В начале диалога проявления красоты, гармонии и чудесной закономерности, наблюдающиеся в природе, сопоставляются с фактами, свидетельствующими о наличии в мире зла в виде насилий, убийств и всевозможных противоестественных злодеяний. Ставится вопрос: откуда в мире зло? Решения, предлагаемые дуалистами, которые хотят найти извечный принцип зла в материи, якобы не имеющей начала, явно несостоятельны. Совечной Богу материи нет и быть не может. Бог не может быть ни творцом, ни первопричиной зла. Зло – лишь качество, а не субстанция. Является зло лишь в результате чьих-то действий, совершающихся не по необходимости, а по свободному волеизъявлению действующих лиц (гл. 1–12).
Ничто не бывает злым само по себе, а становится таковым лишь по причине злоупотребления. А возможность употребления чего бы то ни было во благо или во зло коренится в принципе свободы воли, который дан Творцом человеку. Свобода воли – главное отличие человека от всех других творений и от стихийных сил природы, подчиненных железному закону необходимости. Цель сотворения человека – достижение совершеннейших благ через благое употребление свободной воли. Мир духов также одарен свободой воли. Но один из духов, не захотевший быть исполнителем Божиих велений, сделался отступником и из зависти научил злу людей. Почему же Бог не уничтожил начальника зла – диавола? Бог пренебрег диаволом не по бессилию, а с той целью, чтобы люди с Божией помощью сами научились одолевать того, кто ранее одолел их (гл. 13–21).

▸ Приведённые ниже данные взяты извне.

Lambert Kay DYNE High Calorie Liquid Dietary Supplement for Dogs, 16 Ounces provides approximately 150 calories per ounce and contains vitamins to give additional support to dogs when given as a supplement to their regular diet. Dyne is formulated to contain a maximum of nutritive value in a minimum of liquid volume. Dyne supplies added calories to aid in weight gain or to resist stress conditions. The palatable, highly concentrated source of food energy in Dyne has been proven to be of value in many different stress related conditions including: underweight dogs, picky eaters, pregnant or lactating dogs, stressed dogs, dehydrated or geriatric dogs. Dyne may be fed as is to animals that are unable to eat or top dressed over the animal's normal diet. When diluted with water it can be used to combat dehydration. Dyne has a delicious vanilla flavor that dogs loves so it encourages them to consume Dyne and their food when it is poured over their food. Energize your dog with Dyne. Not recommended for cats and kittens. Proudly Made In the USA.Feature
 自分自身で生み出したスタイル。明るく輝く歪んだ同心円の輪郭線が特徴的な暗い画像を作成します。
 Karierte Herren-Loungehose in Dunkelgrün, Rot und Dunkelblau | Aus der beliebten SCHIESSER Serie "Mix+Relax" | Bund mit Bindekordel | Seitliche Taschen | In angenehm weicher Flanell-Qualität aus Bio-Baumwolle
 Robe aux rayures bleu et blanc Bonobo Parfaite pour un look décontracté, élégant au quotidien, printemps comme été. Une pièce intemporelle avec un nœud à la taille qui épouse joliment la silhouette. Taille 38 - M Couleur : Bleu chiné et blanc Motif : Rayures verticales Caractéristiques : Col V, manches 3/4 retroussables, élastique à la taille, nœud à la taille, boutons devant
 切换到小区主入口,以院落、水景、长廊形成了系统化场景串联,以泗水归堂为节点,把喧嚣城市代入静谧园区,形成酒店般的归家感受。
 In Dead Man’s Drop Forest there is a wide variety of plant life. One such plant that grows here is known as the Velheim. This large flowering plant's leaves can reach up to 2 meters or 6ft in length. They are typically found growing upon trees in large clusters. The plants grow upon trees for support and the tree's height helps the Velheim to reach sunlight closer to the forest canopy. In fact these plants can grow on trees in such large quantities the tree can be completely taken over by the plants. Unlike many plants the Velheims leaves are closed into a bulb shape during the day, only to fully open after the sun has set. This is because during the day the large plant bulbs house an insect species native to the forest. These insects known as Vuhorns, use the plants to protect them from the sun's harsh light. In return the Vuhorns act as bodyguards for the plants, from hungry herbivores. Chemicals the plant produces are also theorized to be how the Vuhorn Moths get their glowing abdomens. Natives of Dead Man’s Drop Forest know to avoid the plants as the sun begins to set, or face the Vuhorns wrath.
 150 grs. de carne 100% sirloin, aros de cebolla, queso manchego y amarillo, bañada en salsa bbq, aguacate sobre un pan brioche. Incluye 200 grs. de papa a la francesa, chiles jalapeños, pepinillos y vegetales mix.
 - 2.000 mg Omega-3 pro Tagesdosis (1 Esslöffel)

В конце диалога подчеркивается незыблемость библейского учения о творческом всемогуществе Создателя, Который ввел человека в созданный Им мир, наделив его несказанно великими обетованиями. Обращаясь к Валентинианину, Православный заканчивает свою речь такими словами: «Прославляй Бога так, как это Ему угодно. А я не хочу быть слушателем не Божиих истолкований».
3. «О жизни и разумной деятельности»
Трактат с таким названием встречается только в славянских сборниках творений святого Мефодия. Несмотря на то, что, по мнению некоторых исследователей, это сочинение якобы не имеет бесспорных признаков подлинности, нет ни одного веского доказательства в пользу подозрений скептиков. Содержание и стиль трактата полностью созвучны с содержанием и формулировками, которые характерны для другого произведения святого Мефодия, также сохранившегося только в славянском переводе, – «О различении яств»; отчетливо выраженные аналогии имеются и в других бесспорно принадлежащих святому епископу творениях: «Пир десяти дев», «О свободе воли» и «О воскресении».
Основная мысль трактата – увещание терпеливо довольствоваться тем, что Бог даровал в земной жизни каждому отдельному человеку, и с надеждой ждать исполнения пророчеств и обетований, относящихся к жизни будущего века. Поводом к рассуждениям на эту тему явился часто встречающийся ропот многих людей на изменчивость житейских обстоятельств. Человек не должен превращаться в раба вещей; надлежит также всегда помнить, что законом земного бытия всегда и везде бывает изменение условий, предметов и состояний, ибо ничто в этом мире не пребывает незыблемым. Трудности, встречающиеся на жизненном пути, а также испытания и страдания укрепляют дух, дисциплинируют тело и научают стремиться к вечным непреходящим и неизменным благам. В перенесении искушений, в терпении, в мужественном преодолении напастей совершаются «таинства нашей жизни». Попускаемые Богом скорби – или наказание за содеянные грехи, или средство врачевания души, уязвляемой грехом. Истинный пример для подражания всякий внимательный человек может увидеть в Евангелии – в обстоятельствах многотрудной и исполненной всяких превратностей земной жизни Христа и Его Предтечи. Человека, решившегося на деле наполнить Божии заповеди и претерпеть за них всевозможные лишения, ждут великие награды в Небесном Царстве.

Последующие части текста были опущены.